#### Goal of the exercise
Exact copies of all the lines below are needed, without the pictures.

#### Recorded information
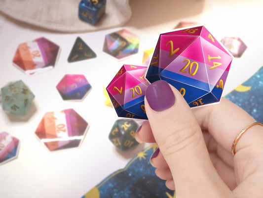 Bi PRIDE DICE Vinyl Sticker set of 9 Semi-glossy Dishwasher-safe laminated vinyl Polyhedral Dice Bisexual stickers DnD D20 TTRpg
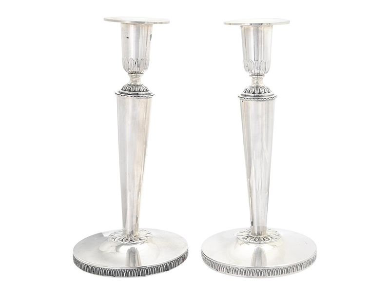 CANDLESTICKS, silver, Ceson, Gothenburg, 1975, height 18 cm, weight 379,6 g, filled bottom, small dents.
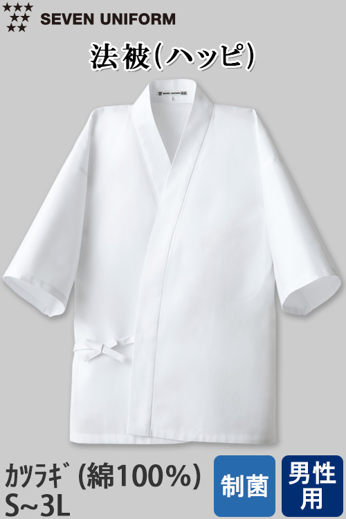 【飲食店販売店制服】ボタン留ハッピコート白【男性用】ポリ65%綿35%タッサー

#### Completed task
 Bi PRIDE DICE Vinyl Sticker set of 9 Semi-glossy Dishwasher-safe laminated vinyl Polyhedral Dice Bisexual stickers DnD D20 TTRpg
 CANDLESTICKS, silver, Ceson, Gothenburg, 1975, height 18 cm, weight 379,6 g, filled bottom, small dents.
 【飲食店販売店制服】ボタン留ハッピコート白【男性用】ポリ65%綿35%タッサー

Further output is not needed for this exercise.